This is where your ZenML stack is created and connected to the GCP cloud resources. If you now run zenml stack describe you should see this:

            Stack Configuration             
┏━━━━━━━━━━━━━━━━━━━━┯━━━━━━━━━━━━━━━━━━━━━┓
 COMPONENT_TYPE      COMPONENT_NAME      
┠────────────────────┼─────────────────────┨
 ARTIFACT_STORE      gcp_artifact_store  
┠────────────────────┼─────────────────────┨
 CONTAINER_REGISTRY  gcp_registry        
┠────────────────────┼─────────────────────┨
 METADATA_STORE      gcp_metadata_store  
┠────────────────────┼─────────────────────┨
 ORCHESTRATOR        vertex_orchestrator 
┠────────────────────┼─────────────────────┨
 SECRETS_MANAGER     gcp_secrets_manager 
┗━━━━━━━━━━━━━━━━━━━━┷━━━━━━━━━━━━━━━━━━━━━┛
     'gcp_vertex_stack' stack (ACTIVE)  

Run your pipeline in the cloud

With your ZenML stack set up and active, you are now ready to run your ZenML pipeline on Vertex AI.
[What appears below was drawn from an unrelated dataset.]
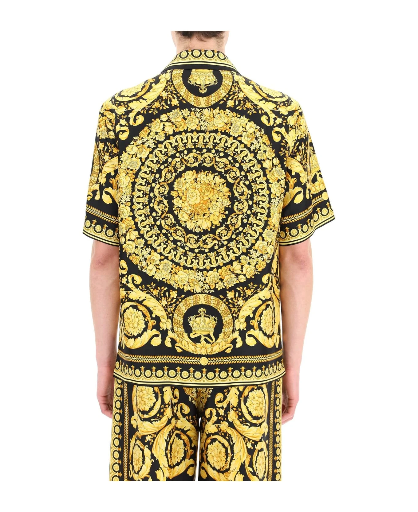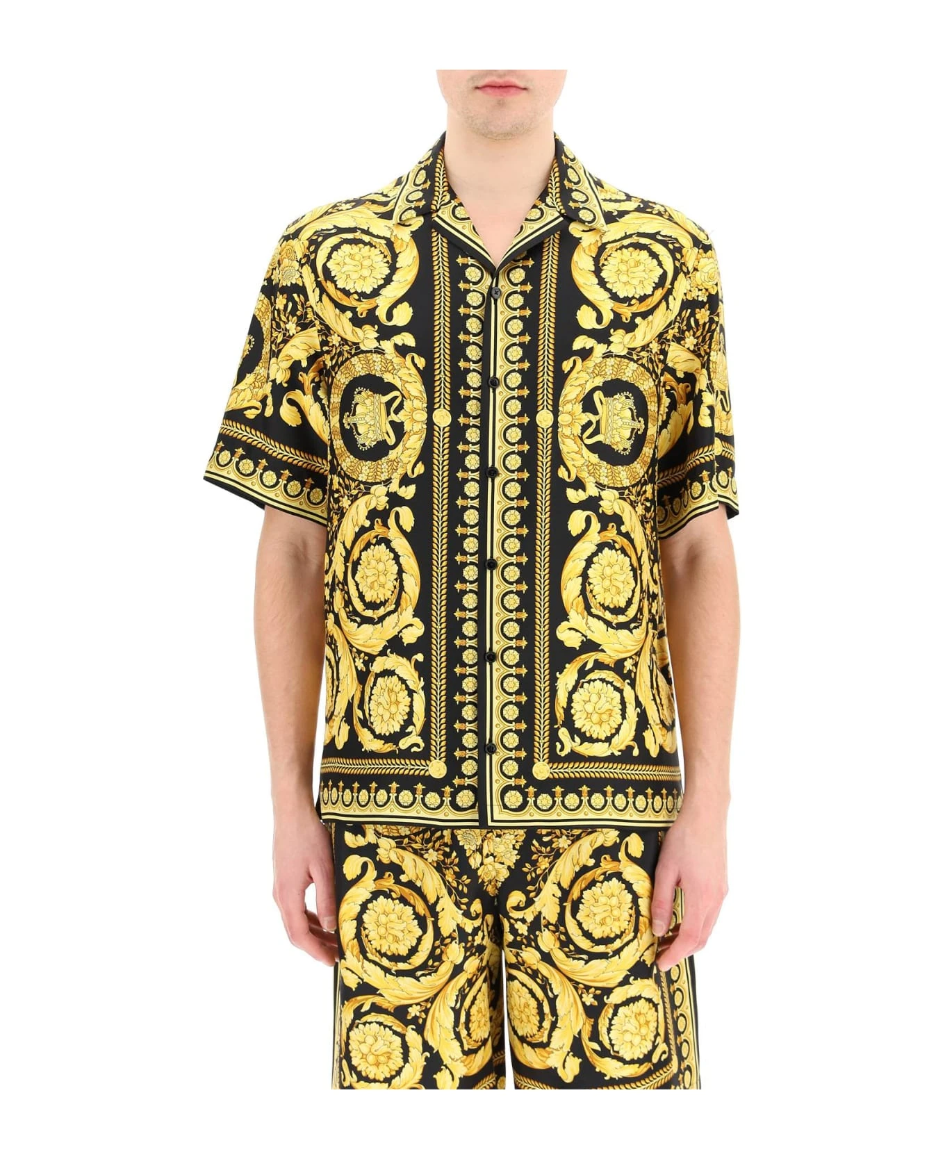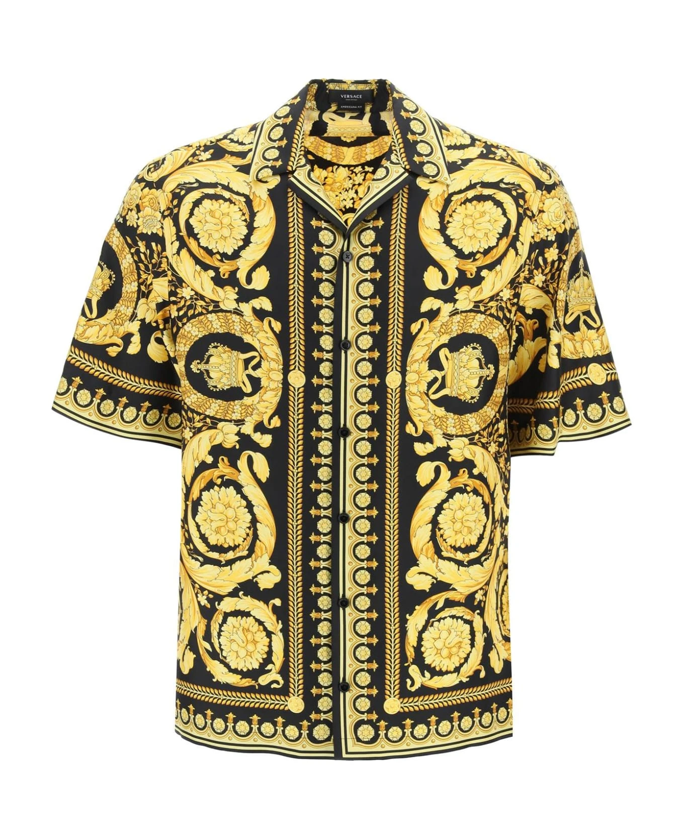 Versace short-sleeved shirt in pure silk jacquard twill with all-over Heritage Barocco print. Bowling collar, front closure with branded buttons. Loose straight cut with small side slits at the hem. The model is 187 cm tall and wears a size IT 48.

For example, you could pull the ZenML Vertex AI example and run it.

zenml example pull vertex_ai_orchestration
cd zenml_examples/vertex_ai_orchestration/
python run.py

Your first run might fail as one of the service accounts is only created once vertex is run for the first time. This service account will need to be given appropriate rights after the first run fails.

At the end of the logs you should be seeing a link to the Vertex AI dashboard. It should look something like this:

In case you get an error message like this:

Failed to create pipeline job. Error: Vertex AI Service Agent 
'service-...@gcp-sa-aiplatform-cc.iam.gserviceaccount.com' should be 
granted access to the image eu.gcr.io/...

You will need to follow these instructions:

On the IAM page you will need to give permissions to the service account of the custom code workers.

For this, head over to your IAM configurations, click on Include Google-provided role grants on the top right and find the <project_number>@gcp-sa-aiplatform-cc.iam.gserviceaccount.com service account.

Now give this one the Container Registry Service Agent role on top of its existing role.

Now rerun your pipeline, it should work now.

Conclusion

Within this guide you have set up and used a stack on GCP using the Vertex AI orchestrator. For more guides on different cloud set-ups, check out the Kubeflow and Kubernetes orchestrators respectively and find out if these are a better fit for you.

One Shot Setup

Quick setup commands

Set these parameters:

USER_EMAIL=<USER_EMAIL>  # for example user@zenml.io
PARENT_ORG_ID=<PARENT_ORG_ID> # for example 294710374920
BILLING_ACC=<BILLING_ACC> # for example 20CIW7-183916-8GA18Z
PROJECT_NAME=<PROJECT_NAME>
CONTAINER_REGISTRY_REGION=eu # can be 'eu', 'us', 'asia'
GCP_LOCATION=<GCP_LOCATION> # for example europe-west3 
DB_PASSWORD=<DB_PASSWORD> # for example auk(/194

And run this (make sure all the commands worked):

# Create a project and attach it to the specified billing account
gcloud projects create $PROJECT_NAME --organization=$PARENT_ORG_ID
gcloud config set project $PROJECT_NAME
gcloud beta billing projects link $PROJECT_NAME --billing-account $BILLING_ACC 
PROJECT_NUMBER=$(gcloud projects describe $PROJECT_NAME --format="value(projectNumber)")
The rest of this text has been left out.